In this embodiment, the HVG/LNG blend is transported with a minimum
of the HVG as boil-off during transport from the loading terminal
to the receiving terminal. The blend is then separated into HVG and
LNG or NG at the receiving location. While the HVG is offloaded and
delivered, the NG is not unloaded to be distributed. Any offloaded
natural gas is reloaded into the transport vessel storage container
as LNG.
[0100] Further, an aspect of the design is a cryogenic separation
tower which may utilize nearly total reflux and/or a separate LNG
storage container and may be utilized at the receiving terminal for
supplying liquid LNG. The LNG that is vaporized may be recondensed
by several methods including: heat exchange with vaporizing HVG,
compression, and other known refrigeration methods, without
limitation. This concept is may have increased value if there is no
need for natural gas delivery at a location where there is need for
HVG delivery. Further, the LNG acts as an in-vessel refrigerant for
the return trip, thereby reducing the time to cool the vessel for
subsequent HVG transportation, as described hereinabove.

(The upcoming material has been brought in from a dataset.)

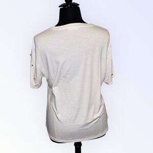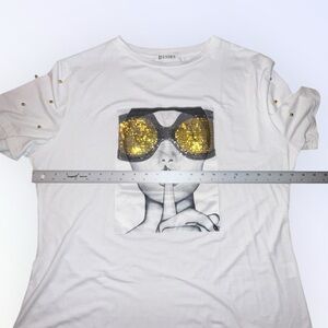 Trendy graphic tee featuring a bold design with gold sunglasses. Perfect for casual wear. Gold beads on sleeves.

[0101] FIG. 3 depicts the transport of a blend of HVG and LNG in
two directions. Without limitation, a first HVG, hereinafter HVG1,
and LNG blend is transported from the HVG1 production, storage,
and/or source site to the receiving site. At the receiving site the
HVG1 is fully offloaded for distribution and production. However,
the LNG is re-liquefied and returned to the vessel. The vessel
partially filled with the LNG, is more completely filled by mass or
volume, with a second HVG, hereinafter HVG2. HVG2 is used to make
up or fill the vessel to an economically advantageous volume or
mass. In non-limiting examples, the vessel is filled with a
HVG2/LNG blend or a substantial mass/volume of the HVG2 for return
to the HVG1 site. Alternatively, the HVG2/LNG may be conveyed to
any number of subsequent sites for the HVGn/LNG blend, wherein HVGn
is the n.sup.th high value gas to be transported from location to
location sequentially. HVGn represents multiple HVG's that are
different from one another in composition or the same. As may be
understood, HVGn may include multiple high value gases in any one
trip between locations. Also, HVGn may comprise the back and forth
transit between two or more offload sites. Further, the LNG may be
used to cool the HVGn below boiling temperature, fuel the transport
vehicle, and/or provide added value, in instances where LNG has a
high market value as a product.
[0102] As shown in FIG. 3, HVG1 contained in storage 610 is
conveyed as stream 411 where at least as a portion is sent to the
blending unit 630, as previously described, by way of stream 413.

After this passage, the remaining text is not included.